Phospho-Tuberin/TSC2 (Ser1387) Antibody

About the Target

Phospho-Tuberin/TSC2 (Ser1387) refers to the phosphorylation of serine 1387 on the tuberin protein (TSC2), encoded by the TSC2 gene. This phosphorylation is crucial for regulating the mechanistic target of rapamycin complex 1 (mTORC1) signaling pathway. Located in the C-terminal region of TSC2, Ser1387 is phosphorylated by AMP-activated protein kinase (AMPK), which activates TSC2 and enhances its role as a GTPase-activating protein (GAP) for RHEB, thereby inhibiting mTORC1. Depending on the literature source, TSC2 may also be discussed as Phospho-Tuberin/TSC2 (Ser1387) and Phospho Tuberin (Ser 1387).

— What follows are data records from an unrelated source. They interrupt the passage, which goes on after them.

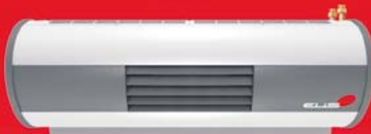
Kurtyno-nagrzewnica – dwa niezależne moduły zabudowane w jednym urządzeniu. ELIS DUO jest jedynym urządzeniem na rynku, które zapewnia barierę otworu drzwiowego przy jednoczesnym ogrzewaniu pomieszczenia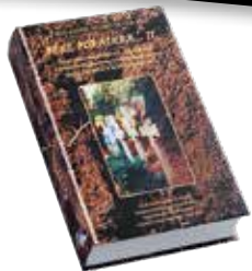
Béke poraikra... könyvsorozat a második világháborúban elesett magyar katonákról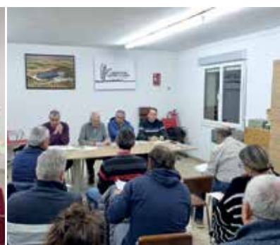
Preparatoria de la Zona Estella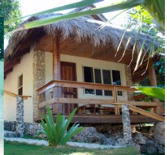
Sopra, un Cottage Superior sotto, il patio di una Cottage Deluxe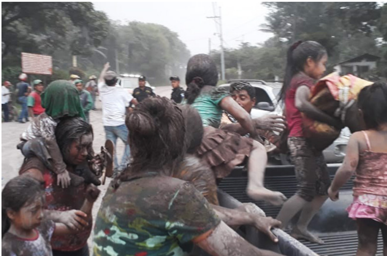
Foto 3. Evacuazione. Donne e bambini

distante circa 30 chilometri dal cratere da cui l'eruzione è partita. Gli abitanti di San Miguel Los Lotes denunciano che la CONRED non ha dato loro l'ordine di evacuazione se non quando la località era già stata sepolta dalla cenere.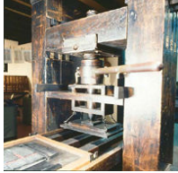
presse de Gutenberg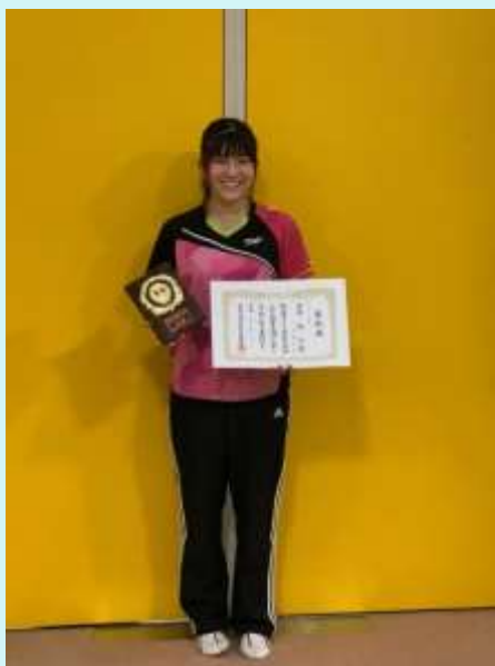
R 2. 1月 愛知県新春新人卓球大会 ブロック優勝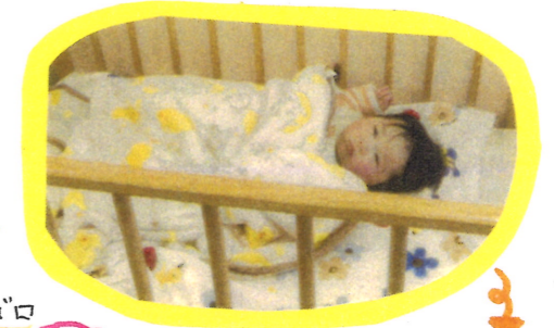
マットでゴロゴロ たいしー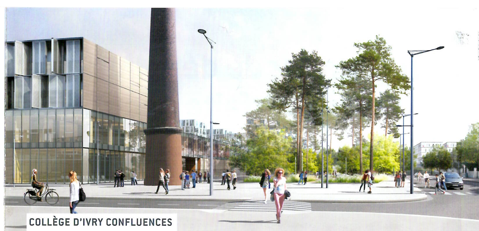
COLLÈGE D'IVRY CONFLUENCES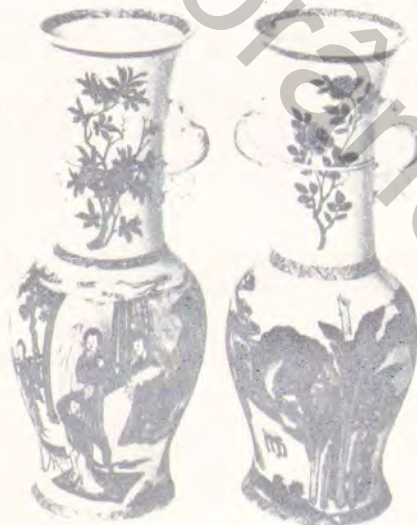
Paire de grands vases ép. K'ang- hi (expert : M. Beurdeley). Ven- te du mardi 7 mars à 14 h 30.

MM. L.-H. PROST - B. et J.-P. DILLÉE - O. LE FUEL - Ch. RATTON M. BEURDELEY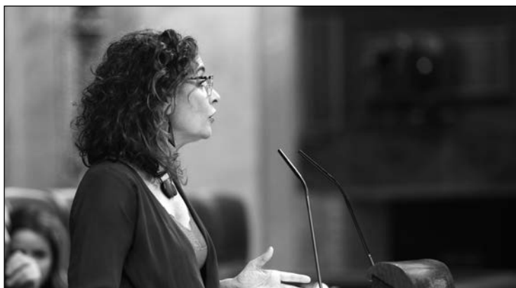
La ministra de Hacienda, María Jesús Montero.

La devolución de lo tributado por la prestación de maternidad trae de cabeza a Hacienda. La causa que lleva al Ministerio liderado por María Jesús Montero a estar en apuros es el atasco que sus oficinas sufren por varios motivos. El primero es el alto número de peticiones recibidas desde la primera semana de diciembre, fecha en la que se inició la campaña de devolución. Se dice que, en menos de un mes, Hacienda ha recabado el 70% de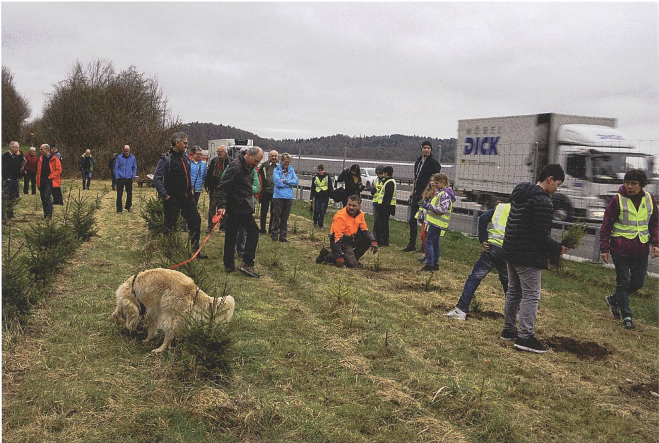
Am Baumpflanzet 2017 wurden entlang der Autobahn A1 Weihnachtsbäume gesetzt. ms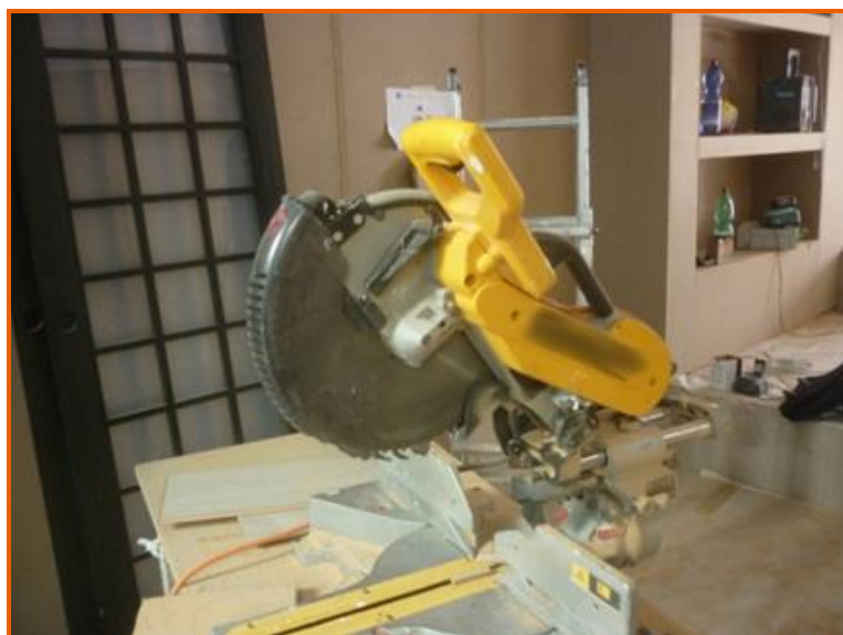
Figura 1: troncatrice con marcatura CE, utilizzata da Marco

Marco stava eseguendo il posizionamento di listelli in laminato per la realizzazione della pavimentazione dello spazio espositivo. Per compiere queste operazioni utilizzava la troncatrice di proprietà della ditta EMPO per eseguire il taglio su misura di listelli di legno laminati da posizionare a pavimento (figura 1).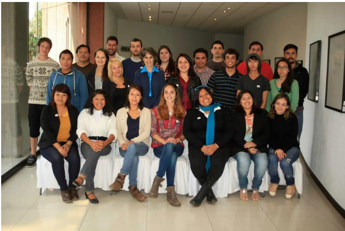
Turma da UAM azcapotzalco

Sinta-se à vontade para inserir algumas fotos que possam ilustrar o período do intercâmbio e incluir comentários/descrições sobre elas.

Reported cellular context includes cytoplasm, lysosome, and membrane, which can matter when signal is compared across treatments or changing cell states. Following TSC2 across matched perturbations can help separate abundance effects from shifts in localization, complex assembly, or pathway state.

Research Context

TSC2 is commonly interpreted in the context of cell signaling research, and readouts are often stronger when a study separates expression changes from compartment-level redistribution. When reported signal spans cytoplasm, lysosome, and membrane, a defined reference condition can make comparisons more interpretable across perturbations, passages, or replicate sets.

Consider these angles when interpreting target-level changes:

• apparent redistribution between cytoplasm, lysosome, and membrane across matched conditions
• signal-dependent shifts after ligand, inhibitor, or growth-factor perturbation
• differences between total target abundance and site-specific regulation when modified forms are compared
• co-patterning with orthogonal markers and control conditions that clarify pathway state

Variant Considerations

If your project spans exploratory questions, the regular version offers a balanced option for establishing baseline signal behavior for TSC2. This can help when protocols evolve over time and the goal is to compare experiments using a stable reference workflow.

Standardize sampling time, control choice, and downstream analysis thresholds so apparent differences in TSC2 reflect biology rather than handling. When interpreting TSC2, it is often useful to decide early whether the main question is overall abundance, compartmental enrichment, or context-dependent redistribution.

For multi-run studies, a shared reference condition can keep TSC2 trends easier to compare across datasets. That kind of consistency is especially helpful when follow-up work expands to new perturbations, model systems, or longitudinal collections.